Without any pictures, retype exactly the lines from the one with "Excursionist trains run" through the final line of the records.

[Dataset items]
# # # # #

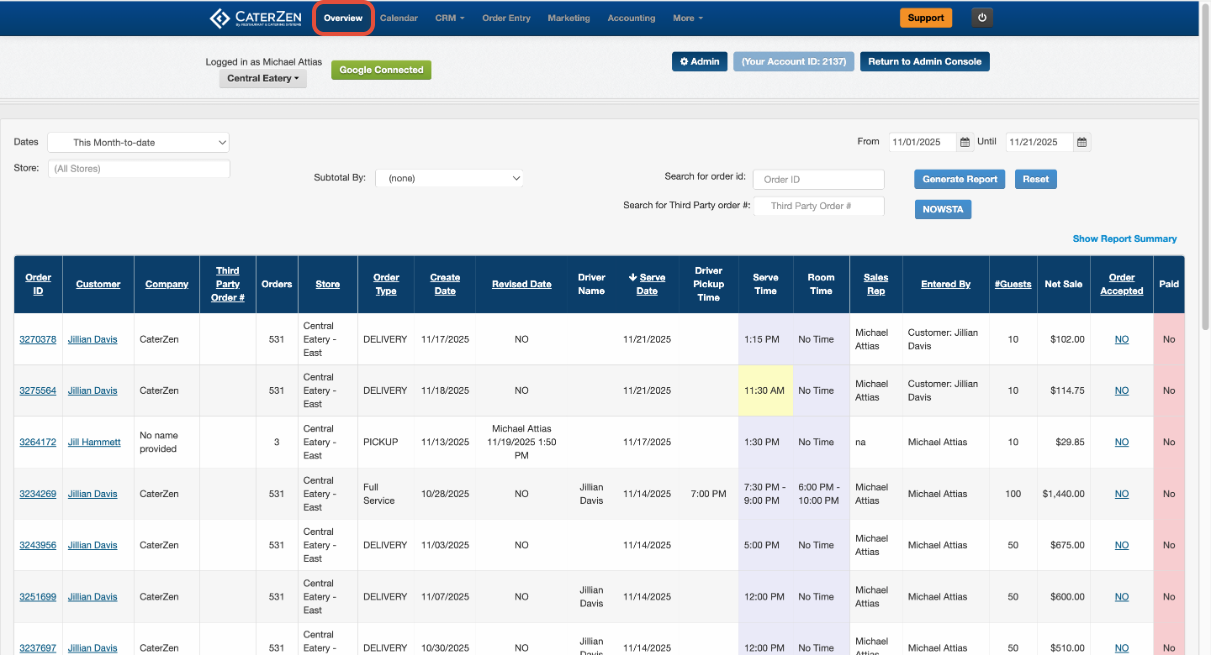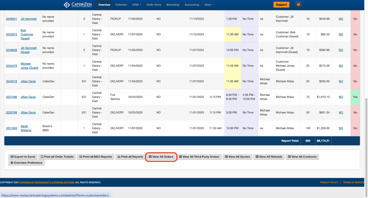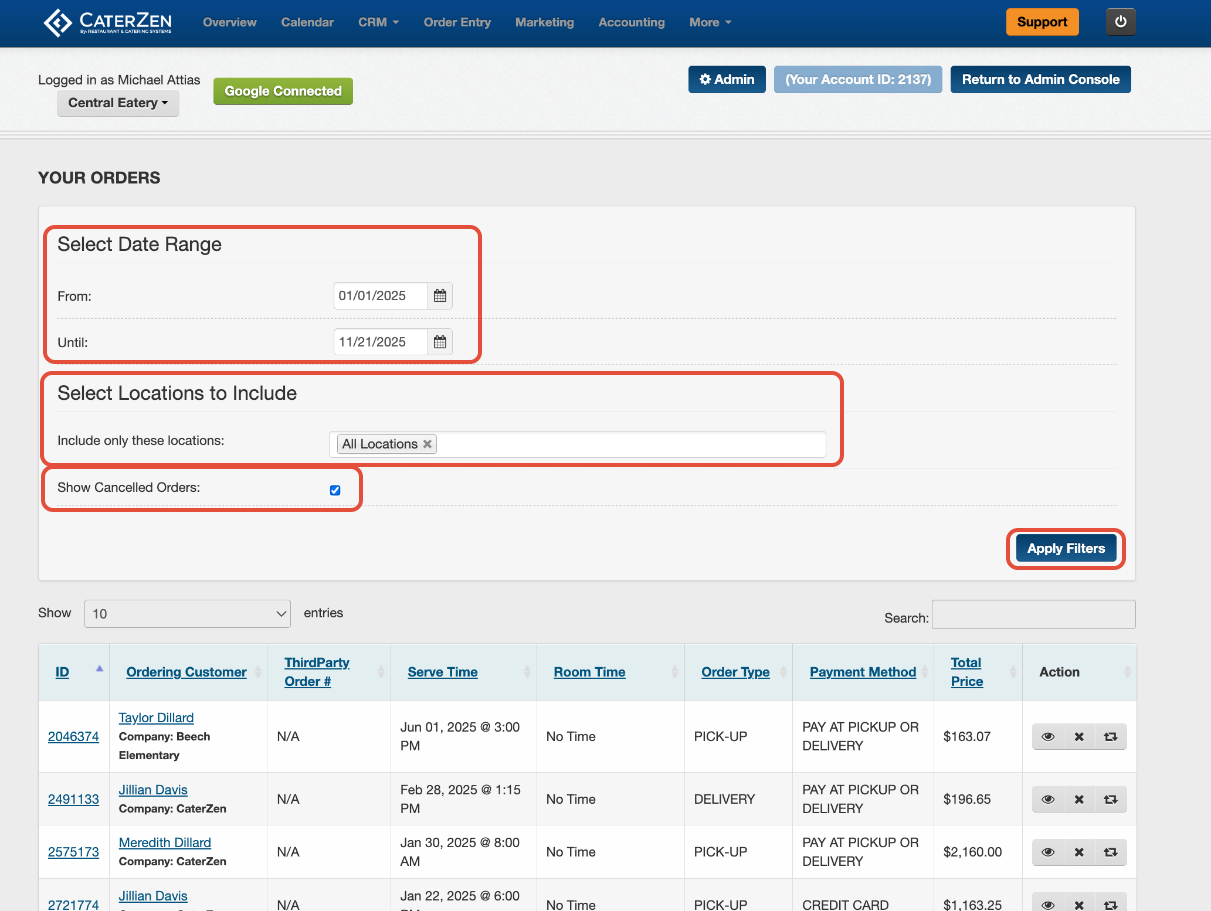 If you need to review orders that were canceled, you can pull them directly from the “View All Orders” page. This view lets you filter by date range and location, then include canceled orders with a single checkbox.
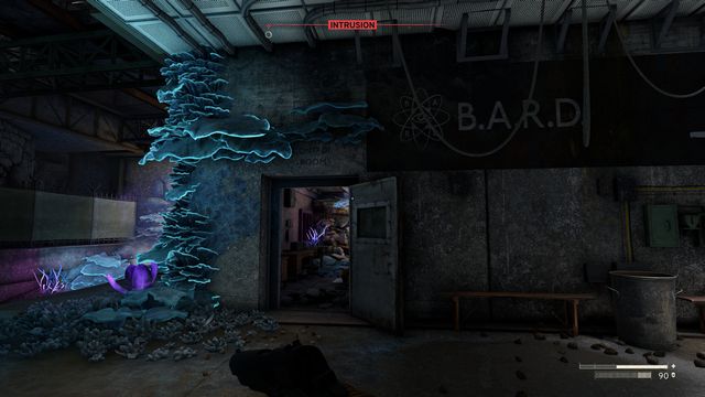 Vous trouverez un autre indice de quête "Documents du B.A.R.D. / Rapport biologique d'Oberon - 30 juillet 1957" dans la pièce à côté (photo ci-dessous à gauche). Faites le tour de la zone et activez les 4
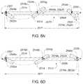 It is noted that relative movement between the ends need not be limited to the distal ends2505. In various example embodiments, relative movement may be provided between at least some of the ends in a first set of the proximal ends2507 of theelongate members2504 to reduce an end-to-end distance between the at least some of the ends in the first set while expandingframe2502 to have a size too large for delivery through thelumen2506cofcatheter sheath2506. In various example embodiments, relative movement may be provided between at least some of the ends in a second set of the distal ends2505 of theelongate members2504 to reduce an end-to-end distance2585 between the at least some of the ends in the second set while expandingframe2502 to have a size too large for delivery through thelumen2506cofcatheter sheath2506. In some of these various embodiments, the relative movement between the at least some of the ends in the first set or between the at least some of the ends in the second set is provided while restraining relative movement between at least some of the ends in the other of the first set and the second set along at least one direction during the expanding offrame2502. In some of these various embodiments, the relative movement between the at least some of the ends in the first set or between the at least some of the ends in the second set is provided while restraining relative movement between the respectiveintermediate portions2509 of at least some ofelongate members2504 during the expanding offrame2502. In some of these various embodiments, the relative movement between the at least some of the ends in the first set or between the at least some of the ends in the second set is provided while decreasing a distance between the respectivedistal end2505 and the respectiveproximal end2507 of each of at least some of the plurality ofelongate members2504 during the expanding offrame2502. For example, as compared betweenFIGS. 6I and 6M, a distance between the respectivedistal end2505 and the respectiveproximal end2507 of each of various ones of theelongate members2504 is reduced as the end-to-end distance2585 between the distal ends2505 is reduced.
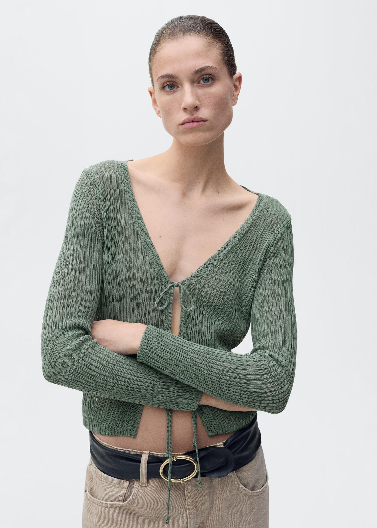 Rib-knit cardigan with bows - Women | MANGO USA
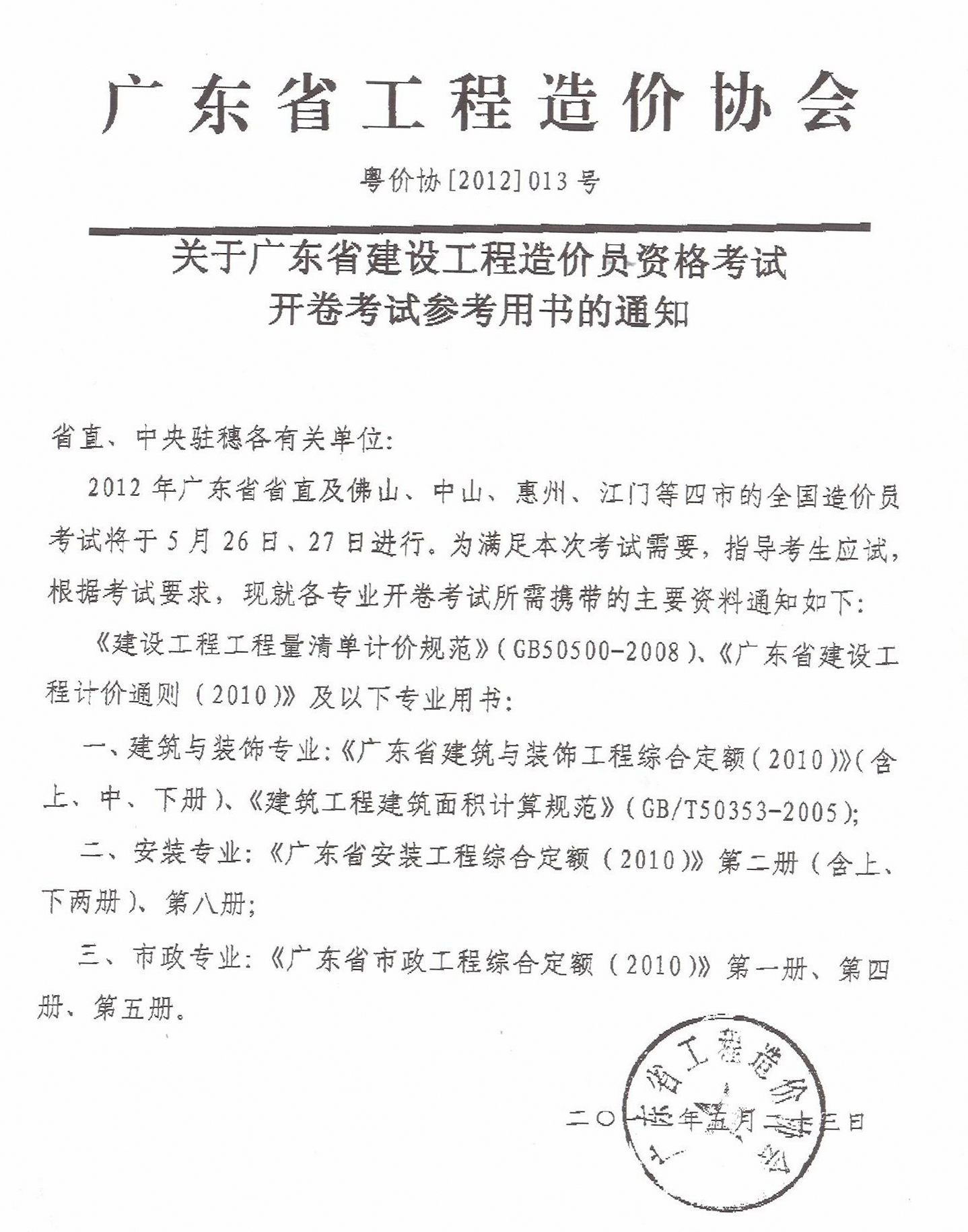 關于廣東省建設工程造價員資格考試開卷考試參考用書的通知
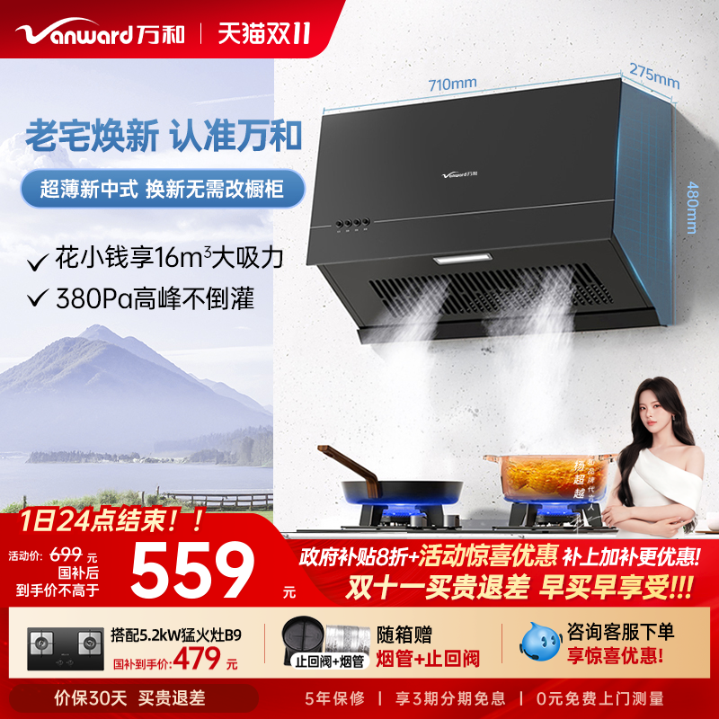 [政府补贴]万和家用厨房小型大吸力抽风机新中式抽油烟机H06C
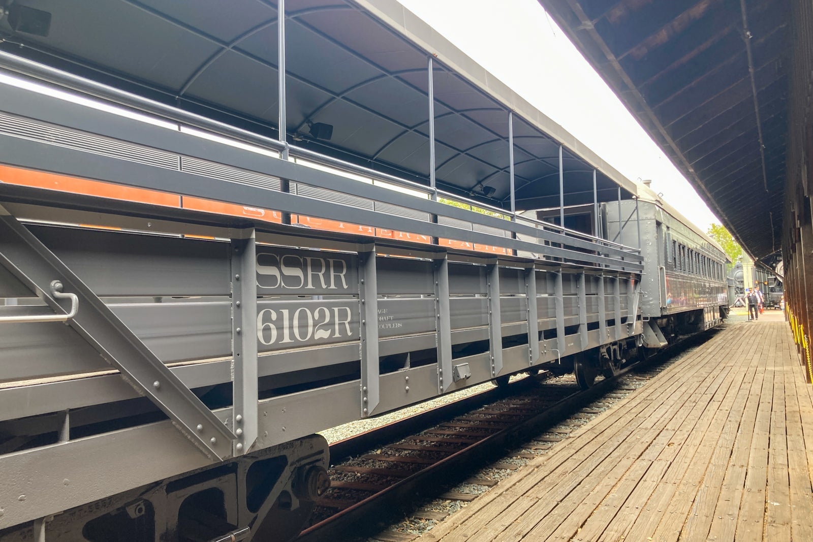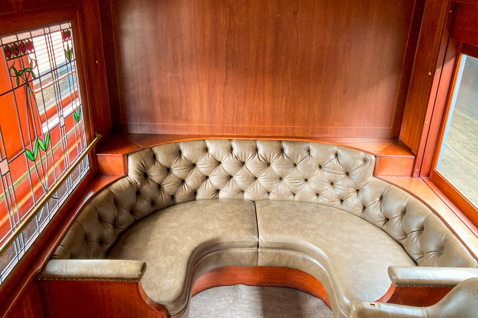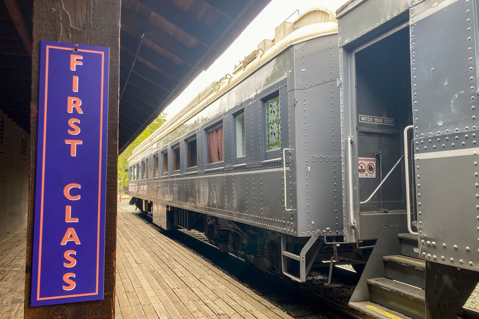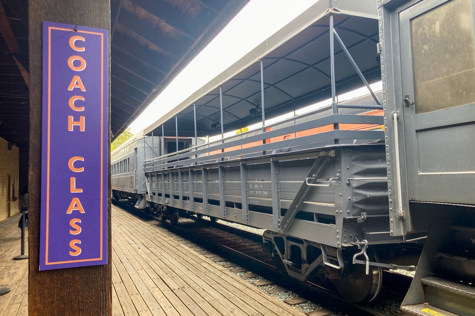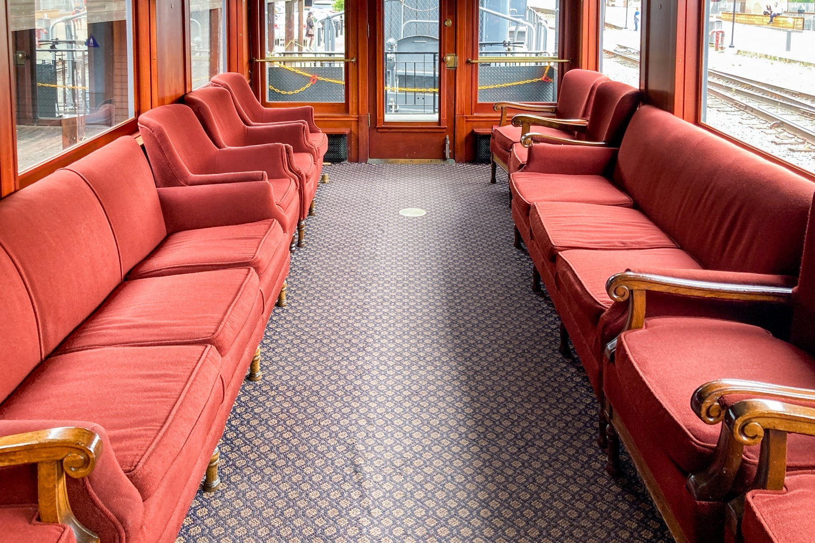 Excursionist trains run daily, but there is also a first-class car available on the weekends. In first class, we had snacks (a choice of cookies or pretzels) and drinks (choice of bottled water or bottled lemonade) plus chocolates to make it a "sweet ride," according to the cabin attendants. Economy-class seating options include interior benches or open-air cars, while first class has more space and more comfortable seating. These premium cabins rotate on a monthly basis, and the car I rode in was The El Dorado model from the 1920s.
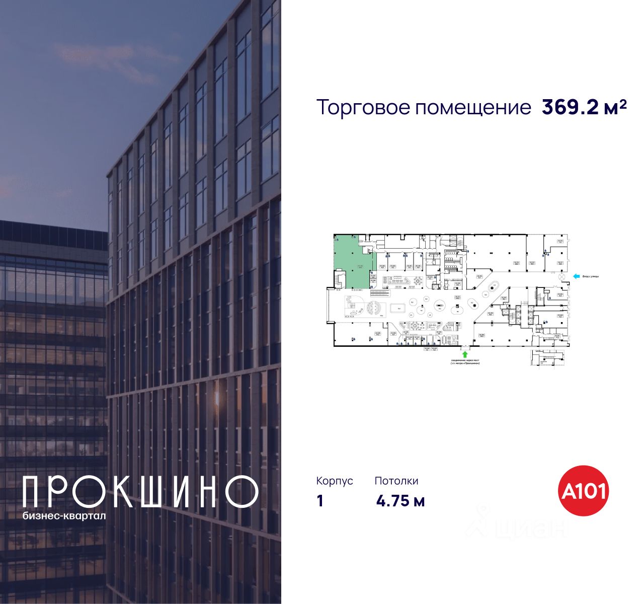 Сдаётся торговое помещение площадью 369.2 кв. м. в Бизнес-квартал "Прокшино". Без отделки. Высота потолков 4.75 м. Выделенная электрическая мощность — 120 кВт. Общий вход с улицы. Стоимость аренды помещения — 776 428 руб. в месяц . Способы оплаты и более подробная информация по телефону. Помещение свободного назначения в бизнес-квартале "Прокшино" на юго-западе Москвы в 1й минуте от метро "Прокшино".

# # # # #

**Task solution**
 Excursionist trains run daily, but there is also a first-class car available on the weekends. In first class, we had snacks (a choice of cookies or pretzels) and drinks (choice of bottled water or bottled lemonade) plus chocolates to make it a "sweet ride," according to the cabin attendants. Economy-class seating options include interior benches or open-air cars, while first class has more space and more comfortable seating. These premium cabins rotate on a monthly basis, and the car I rode in was The El Dorado model from the 1920s.
 Сдаётся торговое помещение площадью 369.2 кв. м. в Бизнес-квартал "Прокшино". Без отделки. Высота потолков 4.75 м. Выделенная электрическая мощность — 120 кВт. Общий вход с улицы. Стоимость аренды помещения — 776 428 руб. в месяц . Способы оплаты и более подробная информация по телефону. Помещение свободного назначения в бизнес-квартале "Прокшино" на юго-западе Москвы в 1й минуте от метро "Прокшино".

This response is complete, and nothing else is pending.